Christian Boudreau head shot

Christian Boudreau

Research Associate Professor, Statistics and Actuarial Science

Christian Boudreau

Before joining the University of Waterloo in June 2005, Professor Boudreau was a member of the Division of Biostatistics and of the Center for International Blood and Marrow Transplant Research (CIBMTR) at the Medical College of Wisconsin. He is still involved in collaborative projects on bone marrow research with people at the CIBMTR.

Professor Boudreau is the associate director of the Data Management Core (DMC). The DMC aims to ensure data quality and statistical support for the International Tobacco Control Policy Evaluation Survey. This survey is a longitudinal study of an international cohort of more than 10,000 smokers. The project is in collaboration with Professor Mary E. Thompson (Department of Statistics and Actuarial Science), Doctors Geoffrey T. Fong and David Hammond (Department of Psychology), Doctors K. Michael Cummings, Andrew Hyland, and Richard O'Connor (Roswell Park Cancer Institute, Buffalo, N.Y.), and other international researchers.

When it comes to research the focus of Professor Boudreau's work on longitudinal studies has been on developing methods for estimating spell durations and the effects of various covariates on these durations, when data are collected through large-scale longitudinal surveys. These methods are extensions of the Cox model and of the Breslow-Aalen estimator that adjust for correlation between observations belonging to the same cluster.
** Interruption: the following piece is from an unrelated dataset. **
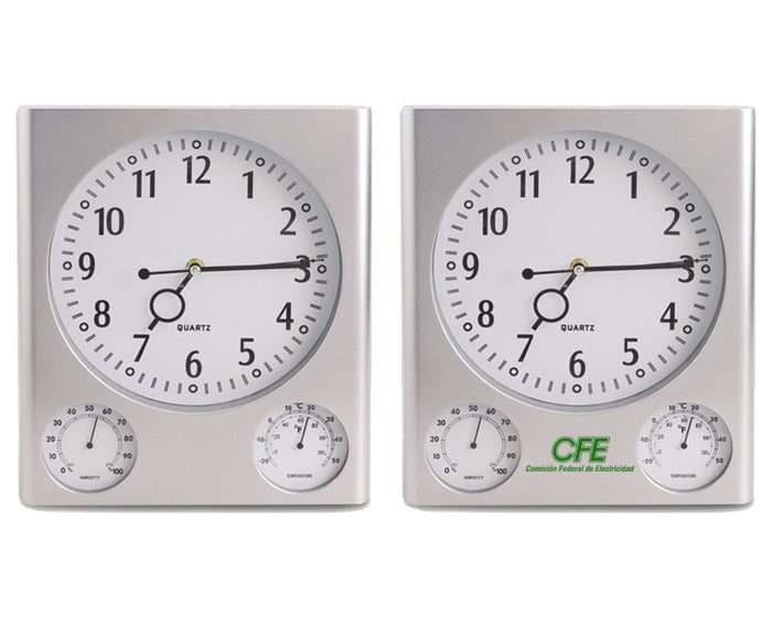 reloj cuadrado de pared, con medidor de humedad y temperatura. utiliza una batería aaa (no incluida). presentación: caja en color blanco.

Examples of applications include the duration of jobless spells in Statistics Canada's Survey of Labour and Income Dynamics, and the duration of spells without health care insurance and on different social programs in the U.S. Survey of Income and Program Participation.

Professor Boudreau has been the leading statistician on various medical research projects on the time to relapse and the time to death following a blood or bone marrow transplant. Such medical procedures rebuild the patient's white blood cells after their destruction by intensive chemotherapy and/or radiation treatment used to kill cancerous cells. The goal of this research is to understand and to estimate, usually by fitting Cox models, the effects of various prognostic factors on these times to events after transplantation.